Configuring Spark applications

You pass the Spark submission arguments using the following syntax:
dse spark-submit [submission_arguments] application_file [application_arguments]
All submission_arguments and these additional spark-submit submission_arguments:
  • --class class_name

    The full name of the application main class.

  • --name name

    The application name as displayed in the Spark web application.

  • --py-files files

    A comma-separated list of the .zip, .egg, or .py files that are set on PYTHONPATH for Python applications.

  • --files files

    A comma-separated list of files that are distributed among the executors and available for the application.

  • --master master_URL

    The URL of the Spark Master.

    If you run dse spark-submit from a node in your Analytics cluster, the master URL will be set automatically. If you run dse spark-submit from a remote node, set the cassandra.connection.host property and the master URL will be set automatically.

In general, Spark submission arguments are translated into system properties -Dname=value and other VM parameters like classpath. The application arguments are passed directly to the application.

Property list 

When you run dse spark-submit on a node in your Analytics cluster, all the properties are set automatically. Only set the following properties if you need to override the automatically managed properties.

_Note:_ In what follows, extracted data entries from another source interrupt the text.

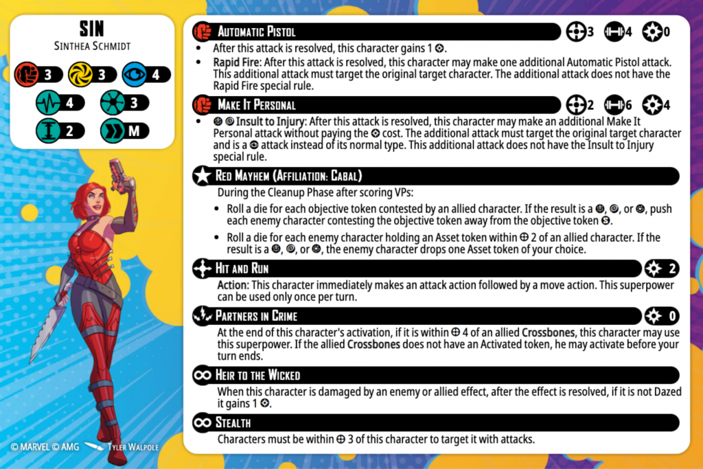 To say Sin is much maligned in Crisis Protocol as both a character and a leader would, I think, be an understatement. I’ve included her card for reference. At first glance, her stat line is very unremarkable except for a slightly higher than average Mystic Defense of 4, and really low Stamina pool on her healthy side, which is also 4. She does have 6 Stamina on her injured side, but for comparison, Rocket Raccoon has 3 Stamina. Her power economy also seems a little inefficient with only a gainer as a method to build power outside of taking damage, and a Reactive Superpower that only works with the original version of Crossbones, who has also been a much-maligned model for most of his existence. BarBarJonks is not new to miniature wargaming and has played competitive MCP since 2023, so I knew there had to be a reason Sin was chosen as the leader.
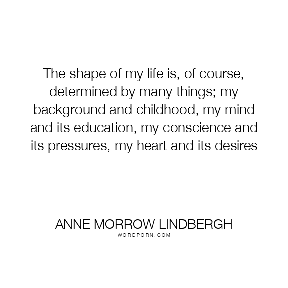 The shape of my life is, of course, determined by many things; my background and childhood, my mind and its education, my conscience and its pressures, my heart and its desires
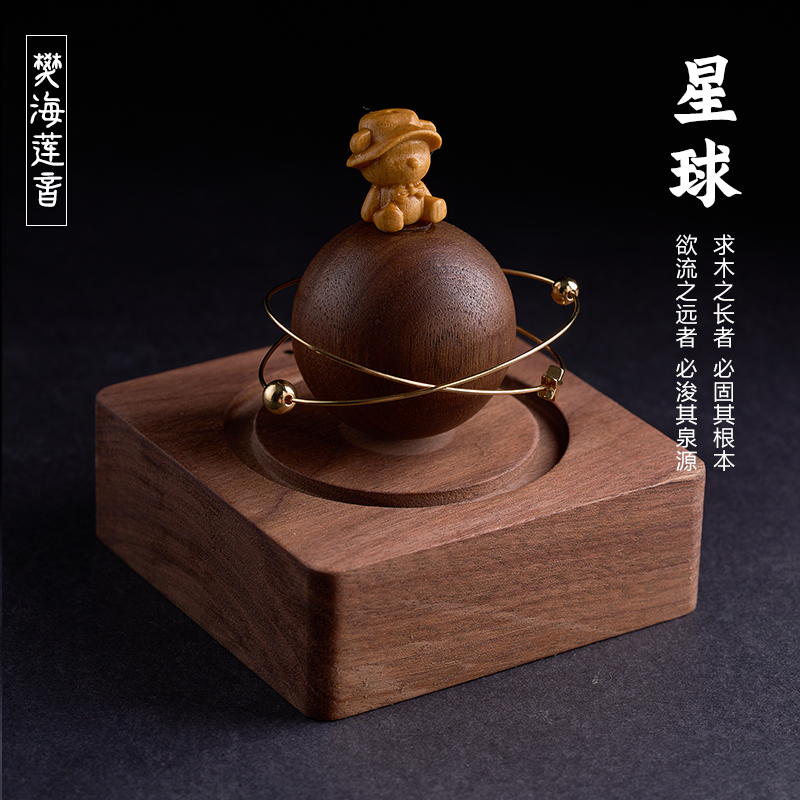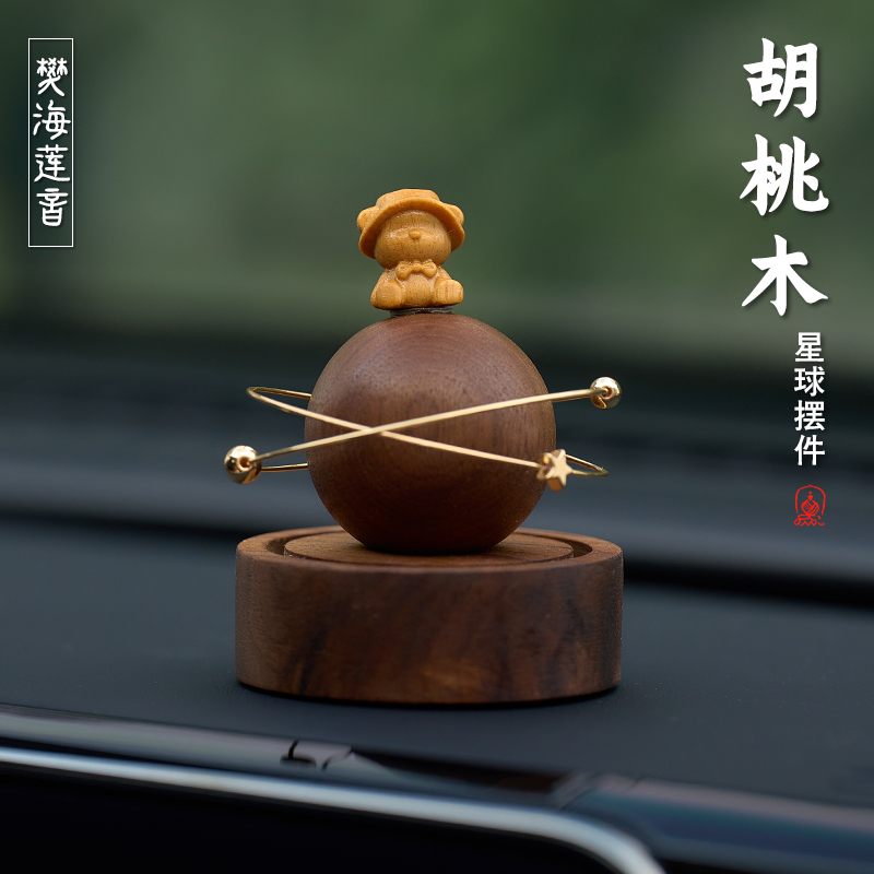 胡桃木星球小熊车载摆件汽车香水扩香器车内装 饰品高端2025新款

spark.cassandra.connection.native.port
Default = 9042. Port for native client protocol connections.
spark.cassandra.connection.rpc.port
Default = 9160. Port for thrift connections.
spark.cassandra.connection.host
The host name or IP address to which the Thrift RPC service and native transport is bound. The rpc_address property in the cassandra.yaml, which is localhost by default, determines the default value of this property.

The following Cassandra-specific properties can be overridden for performance or availability:

spark.cassandra.keyspace
The default keyspace for Spark SQL.

Read properties

spark.cassandra.input.split.size
Default = 100000. Approximate number of rows in a single Spark partition. The higher the value, the fewer Spark tasks are created. Increasing the value too much may limit the parallelism level.
spark.cassandra.input.fetch.size_in_rows
Default = 1000. Number of rows being fetched per round-trip to Cassandra. Increasing this value increases memory consumption. Decreasing the value increases the number of round-trips. In earlier releases, this property was spark.cassandra.input.page.row.size.
spark.cassandra.input.consistency.level
Default = LOCAL_ONE. Consistency level to use when reading.

Write properties

You can set the following properties in SparkConf to fine tune the saving process.

spark.cassandra.output.batch.size.bytes

Default = auto. Number of bytes per single batch. The default, auto, means the connector adjusts the number of bytes based on the amount of data.

spark.cassandra.output.consistency.level
Default = LOCAL_ONE. Consistency level to use when writing.
spark.cassandra.output.concurrent.writes
Default = 5. Maximum number of batches executed in parallel by a single Spark
task.
spark.cassandra.output.batch.size.rows

Default = 64K. The maximum total size of the batch in bytes.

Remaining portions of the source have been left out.